A 200m wide river has a uniform flow speed of 1.1 m/s through a jungle and towards the east. An explorer wishes to leave a small clearing on the south bank and cross the river in a powerboat that moves at a constant speed of 4 m/s with respect to the river. There is a clearing on the north bank 82 m upstream from a point directly opposite to the south bank. (a) in what direction must the boat be pointed in order to travel in a straight line and land on the clearing on the north bank? (b) How long will the boat take to cross the river and land in the clearing?

Answer 1

Hint: The boat sails at a speed of 4 m / s compared to the water, which means that if an observer in the water sails at the speed of the river, he can see the boat traveling at a speed of 4 m/s.
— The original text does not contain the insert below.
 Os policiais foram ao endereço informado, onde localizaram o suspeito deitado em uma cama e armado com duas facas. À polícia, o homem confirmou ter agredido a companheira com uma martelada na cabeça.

To solve this question, you must take the help of the diagram, showing the motion in the form of a right-angled triangle.
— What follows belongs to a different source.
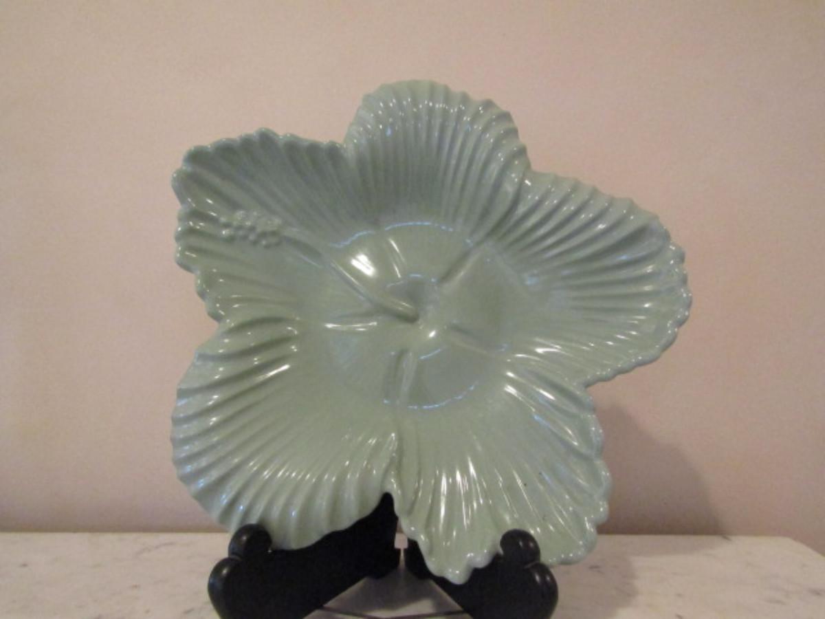 Vintage Abingdon Glazed Pottery Hibiscus Shaped Bowl- Approx 13" Across

Complete step-by-step solution
Before we start solving the question that is given to us, let us take a look at all the parameters that are given to us in the above question
The width of the river = w = 200 m
The speed of the river = ${{v}_{r}}$ = 1.1 m/s
Relative speed of the boat = ${{v}_{b}}$ = 4 m/s
North bank distance = d = 82 m
Now let us refer to the diagram for a better understanding of the motion
Now
Drawing a line (200 m long) to the north (upwards in our sketch) across the river, and then a line to the west (upstream, to the left in our sketch) along the north bank for a distance (82m)+(1.1m / s)t;

Now
The hypotenuse of this right triangle (the arrow in our sketch) also depends on t and the speed of the boat (relative to the water) and we set it equal to the Pythagorean "sum" of the triangle's sides.
$\Rightarrow 4t=\sqrt{{{200}^{2}}+{{(82+1.1t)}^{2}}}$
So, we have the equation
$\Rightarrow 14.8{{t}^{2}}-180.4t-46724=0$
On using the quadratic formula
$x=\dfrac{-b\pm \sqrt{{{b}^{2}}-4ac}}{2a}$
Now,
$\Rightarrow x=\dfrac{180.4+\sqrt{{{(-180.4)}^{2}}-4\times 14.8\times }(-180.4)}{2(14.8)}$
$\Rightarrow x=62.611$
Also,
$\Rightarrow x=\dfrac{180.4-\sqrt{{{(-180.4)}^{2}}-4\times 14.8\times }(-180.4)}{2(14.8)}$
$\Rightarrow x=-50.42$
So,
We have two values of t
$\Rightarrow t=62.64s$and -50.42s
Neglecting the negative value as the time can not be negative
Now,
Part (a)
The angle between the north (200 m) leg of the triangle and the hypotenuse (which is measured "west of the north") is then specified (refer the diagram)
So,
$\Rightarrow \theta =ta{{n}^{-1}}(\dfrac{82+1.1t}{200})$
Taking t = 62.64 s
Neglecting the negative value as the time can not be negative
$\Rightarrow \theta =ta{{n}^{-1}}(\dfrac{82+1.1\times 62.611}{200})$
$\Rightarrow \theta =ta{{n}^{-1}}(\dfrac{151}{200})$
$\Rightarrow \theta ={{37}^{\circ }}$
So, the boat must be pointed at $\theta ={{37}^{\circ }}$ in order to travel in a straight line and land on the clearing on the north bank
Now,
For the Part (b)
On solving the equation
$\Rightarrow 14.8{{t}^{2}}-180.4t-46724=0$
On using the quadratic formula
$x=\dfrac{-b\pm \sqrt{{{b}^{2}}-4ac}}{2a}$
Now,
$\Rightarrow x=\dfrac{180.4+\sqrt{{{(-180.4)}^{2}}-4\times 14.8\times }(-180.4)}{2(14.8)}$
$\Rightarrow x=62.611$
Also,
$\Rightarrow x=\dfrac{180.4-\sqrt{{{(-180.4)}^{2}}-4\times 14.8\times }(-180.4)}{2(14.8)}$
$\Rightarrow x=-50.42$
So,
We have two values of t
$\Rightarrow t=62.64s$and -50.42s
Neglecting the negative value as the time can not be negative
So, the boat will take 63.64s to cross the river and land in the clearing.

Note: The spectator on the ground can see that the boat is going at the speed of the river, plus the relative speed of the boat as the speed which is given to us is the relative speed. So the speed of the boat to an observer on the ground will be 5.1 m/s.